* **Goal of the exercise**: Exactly as written, retype the listing below, omitting the pictures.

* **Data**:
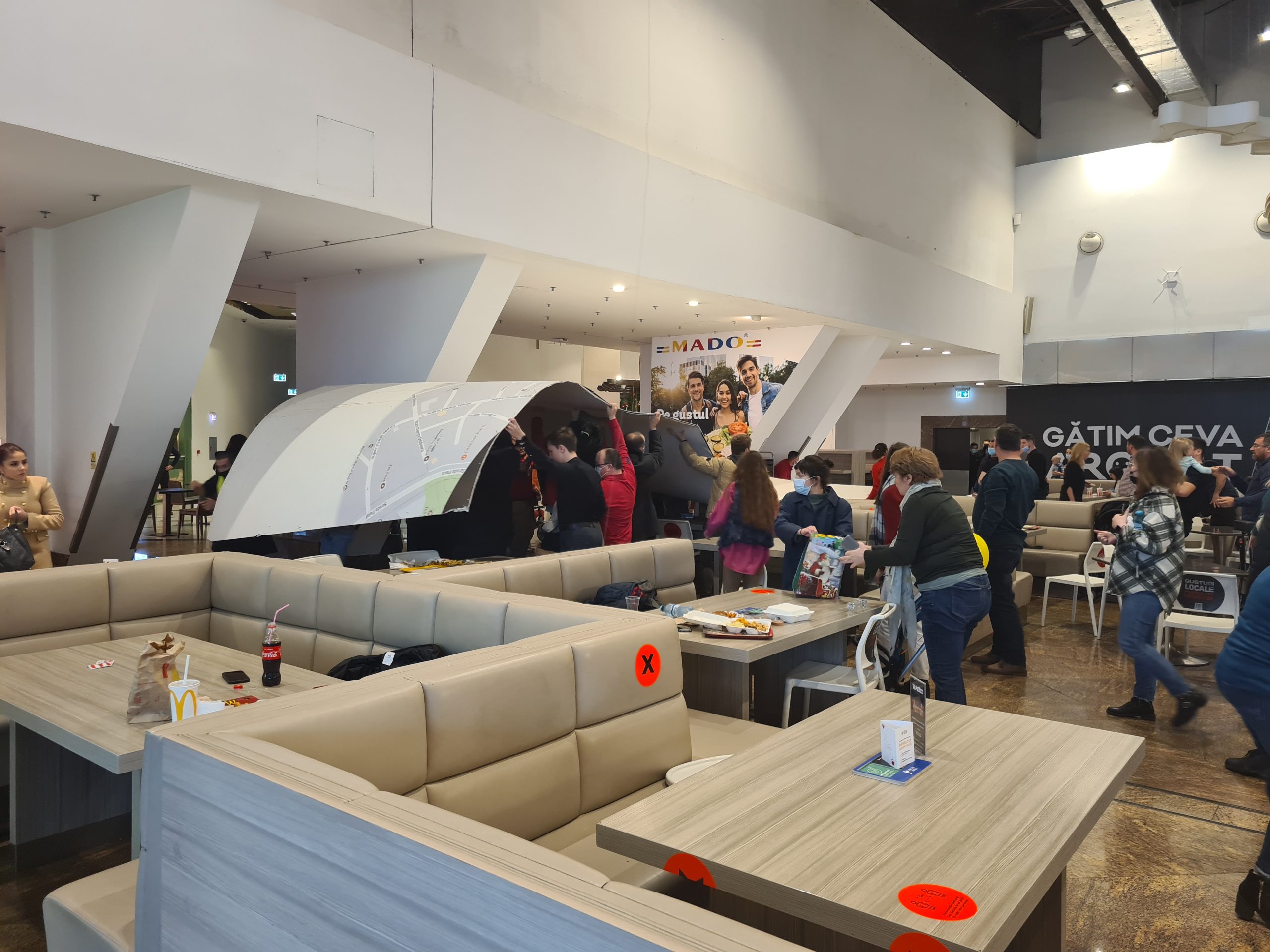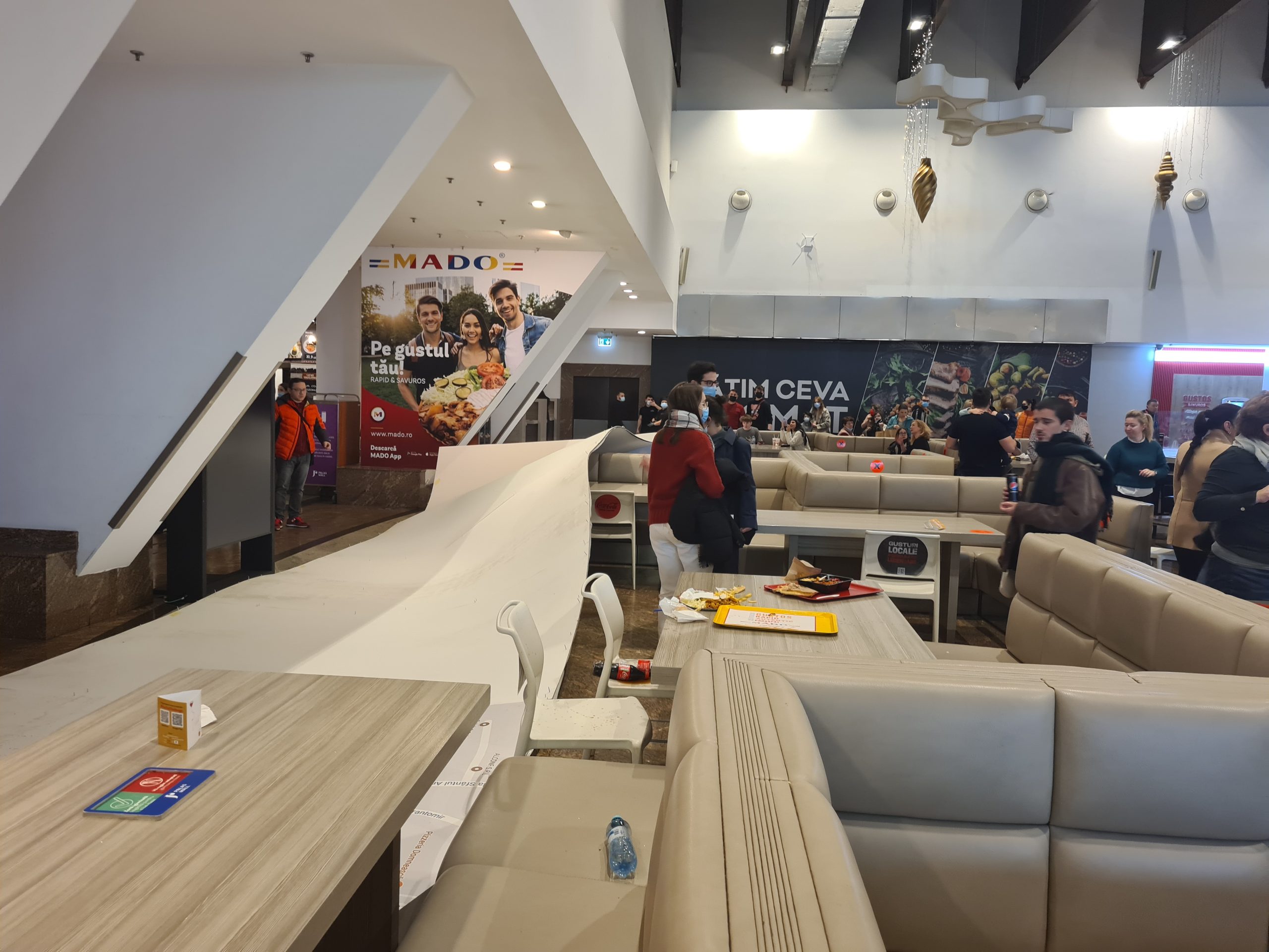 Un imens panou publicitar a cazut in urma cu câteva minute în Palas peste clienții care serveau liniștiți masa în zona de Food Court. Zeci de clienți au tras o sperietură zdravănă. Deocamdată nici un client nu s-a plâns ca ar fi fost rănit. Panoul a cazut și peste un copilaș care servea masa impreuna cu părinții săi. Ceilalți clienți au sărit sa-i ajute pe cei peste care a căzut panoul (foto).
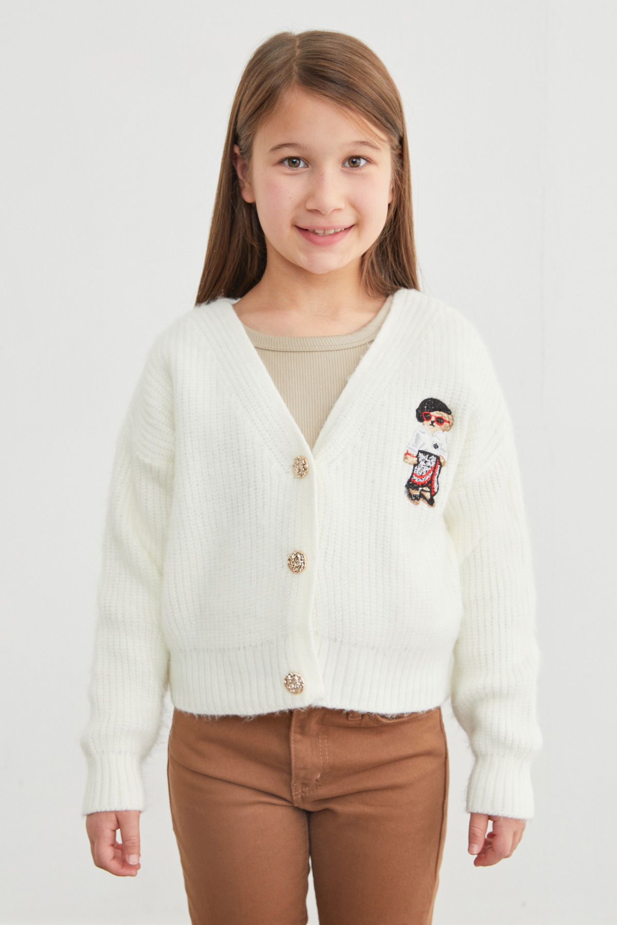 Ayıcık Nakışlı Düğmeli Kız Çocuk Triko Hırka Ayıcık Nakışlı Düğmeli Kız Çocuk Triko Hırka 26KCCK601133792 14-15 Yaş
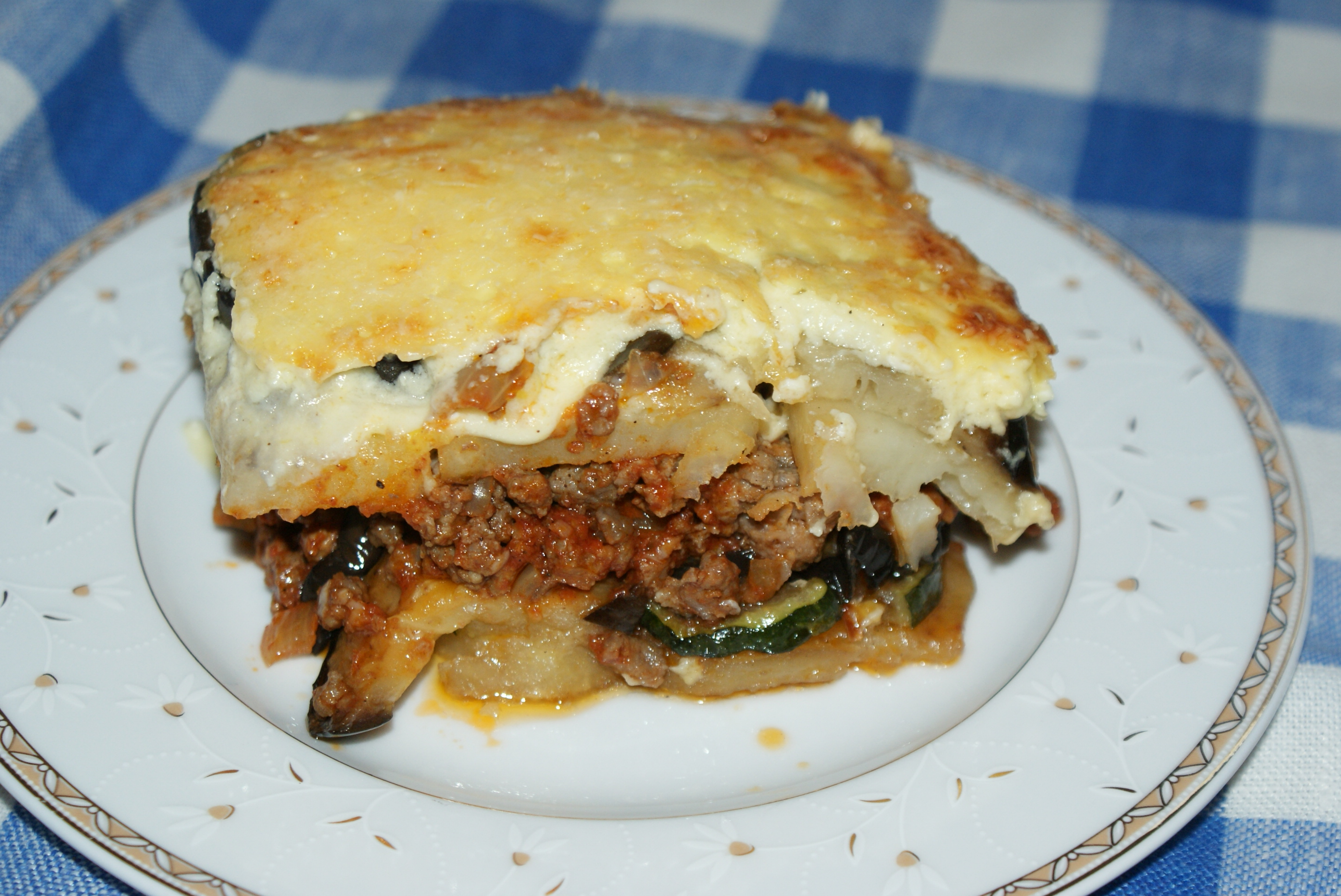 Musaka (mousaka, mussaka, moussaka) to jedno ze sztandarowych dań kuchni greckiej. Jest to zapiekanka na bazie ziemniaków, bakłażanów i mielonego mięsa pod beszamelem, którą można skosztować w każdej greckiej tawernie. W kwestii autentyczności przepisu polegam na kucharzach, którzy przyrządzali musakę w samej Grecji, czyli znających się na rzeczy. Przepis podpatrzony u Twardego Szparaga.
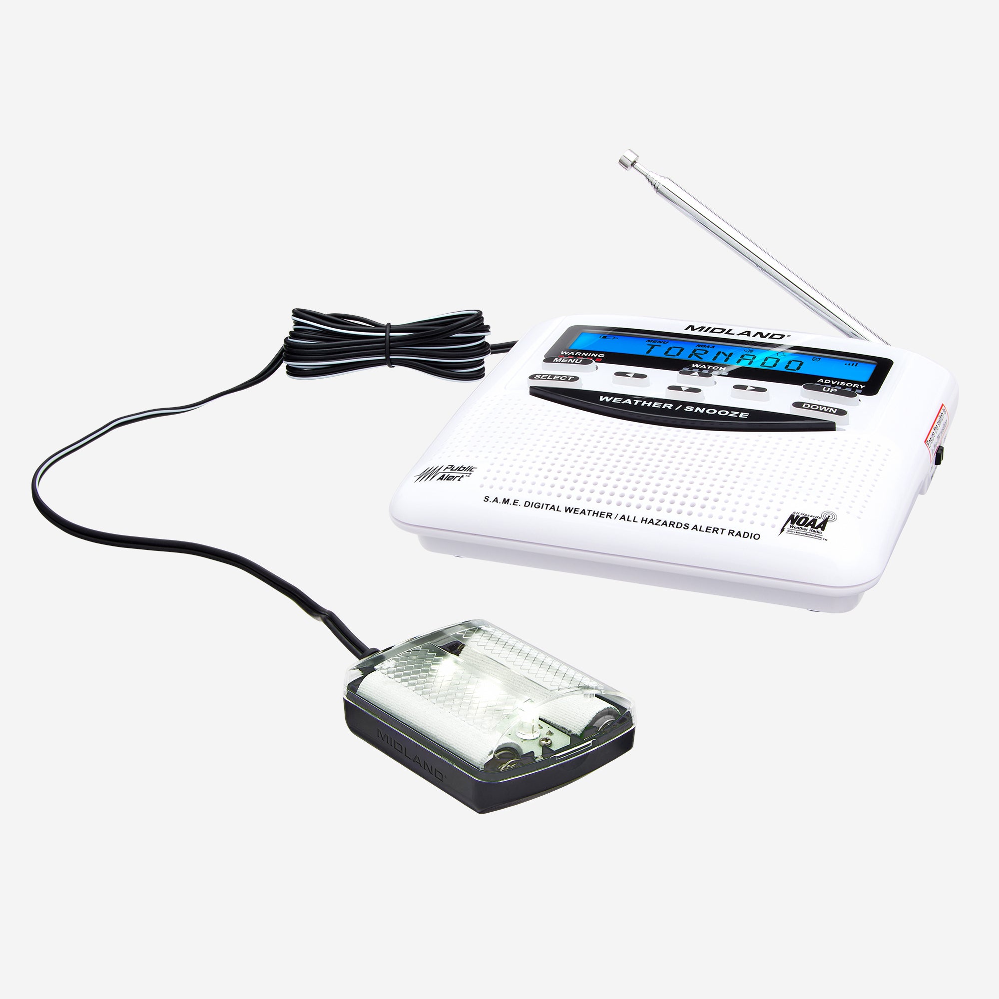 Midland's strobe light plugs into the back of weather and emergency alert radios to ensure those with hearing impairments are alerted when severe weather and emergencies occur in their area.
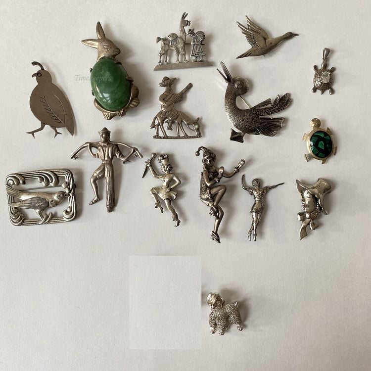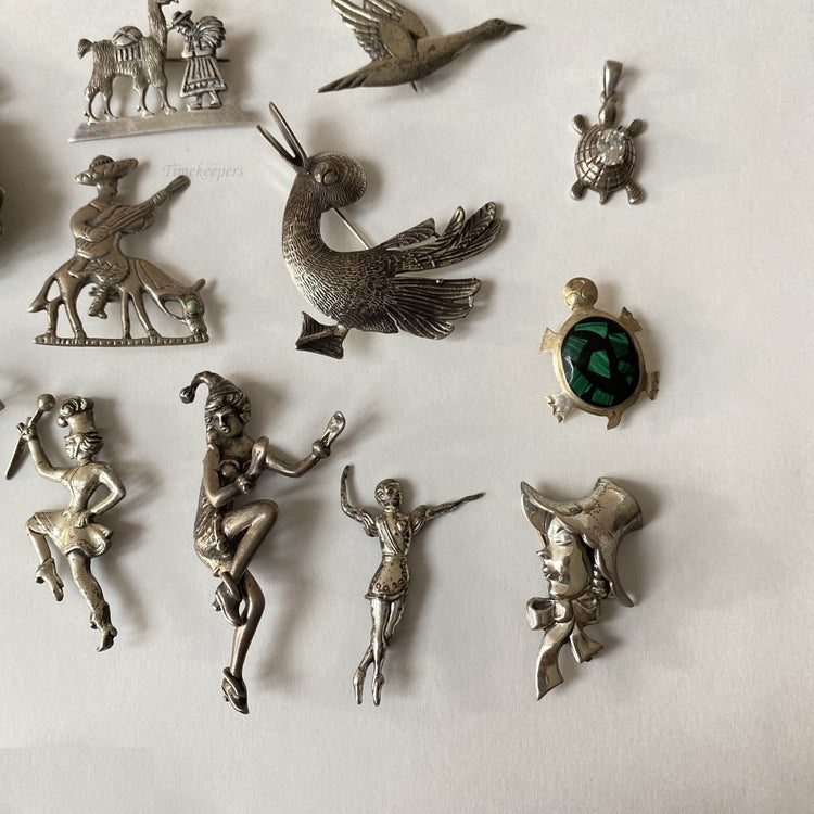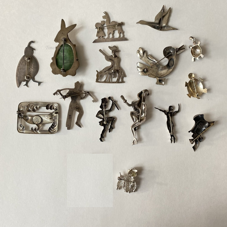 Vintage Sterling Silver 15pc Brooch Pins Collection. Variety of Sizes, Styles and Decor.
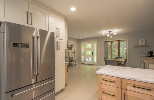 The fully equipped kitchen and dining area provide all the amenities necessary for a comfortable stay.Additionally, there is a cozy living room with a fireplace, perfect for relaxing after a long day of exploring. The property is situated in a serene and peaceful location, offering easy access to nearby hiking trails, fishing spots, and other outdoor activities. Whether you're looking for a romantic getaway or a family vacation, this vacation rental is the ideal destination.
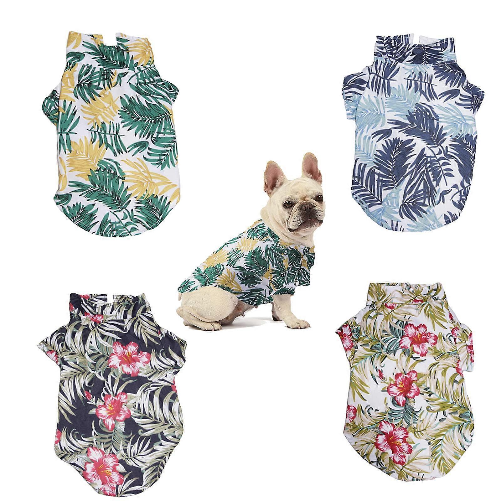 4pcs Hawaiian Dog Shirt Summer Breathable Pet Clothes Dog Sweatshirts Cool Coconut Tree Pineapple Beach Dog Shirts for Small Medium Large Dog Cat Boy
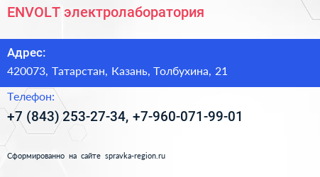 ENVOLT, электролаборатория по адресу 420073, Татарстан, Казань, Толбухина, 21 в дальнейшем Организация, размещена в следующих категориях:
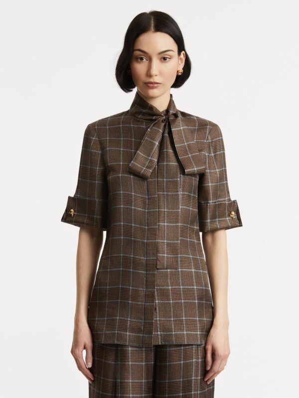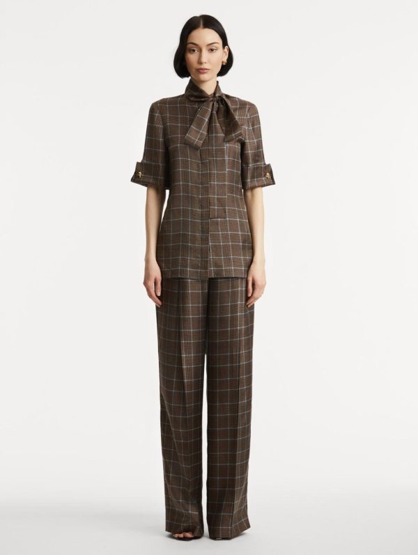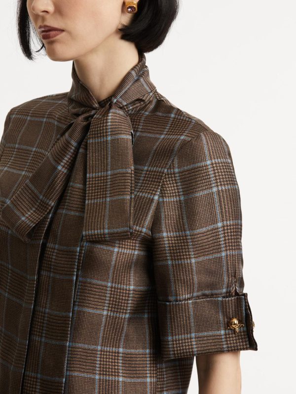 Women’s Prince of Wales Silk Blouse in Dark Brown/Blue | Oscar de la Renta

* **Solution**:
 Un imens panou publicitar a cazut in urma cu câteva minute în Palas peste clienții care serveau liniștiți masa în zona de Food Court. Zeci de clienți au tras o sperietură zdravănă. Deocamdată nici un client nu s-a plâns ca ar fi fost rănit. Panoul a cazut și peste un copilaș care servea masa impreuna cu părinții săi. Ceilalți clienți au sărit sa-i ajute pe cei peste care a căzut panoul (foto).
 Ayıcık Nakışlı Düğmeli Kız Çocuk Triko Hırka Ayıcık Nakışlı Düğmeli Kız Çocuk Triko Hırka 26KCCK601133792 14-15 Yaş
 Musaka (mousaka, mussaka, moussaka) to jedno ze sztandarowych dań kuchni greckiej. Jest to zapiekanka na bazie ziemniaków, bakłażanów i mielonego mięsa pod beszamelem, którą można skosztować w każdej greckiej tawernie. W kwestii autentyczności przepisu polegam na kucharzach, którzy przyrządzali musakę w samej Grecji, czyli znających się na rzeczy. Przepis podpatrzony u Twardego Szparaga.
 Midland's strobe light plugs into the back of weather and emergency alert radios to ensure those with hearing impairments are alerted when severe weather and emergencies occur in their area.
 Vintage Sterling Silver 15pc Brooch Pins Collection. Variety of Sizes, Styles and Decor.
 The fully equipped kitchen and dining area provide all the amenities necessary for a comfortable stay.Additionally, there is a cozy living room with a fireplace, perfect for relaxing after a long day of exploring. The property is situated in a serene and peaceful location, offering easy access to nearby hiking trails, fishing spots, and other outdoor activities. Whether you're looking for a romantic getaway or a family vacation, this vacation rental is the ideal destination.
 4pcs Hawaiian Dog Shirt Summer Breathable Pet Clothes Dog Sweatshirts Cool Coconut Tree Pineapple Beach Dog Shirts for Small Medium Large Dog Cat Boy
 ENVOLT, электролаборатория по адресу 420073, Татарстан, Казань, Толбухина, 21 в дальнейшем Организация, размещена в следующих категориях:
 Women’s Prince of Wales Silk Blouse in Dark Brown/Blue | Oscar de la Renta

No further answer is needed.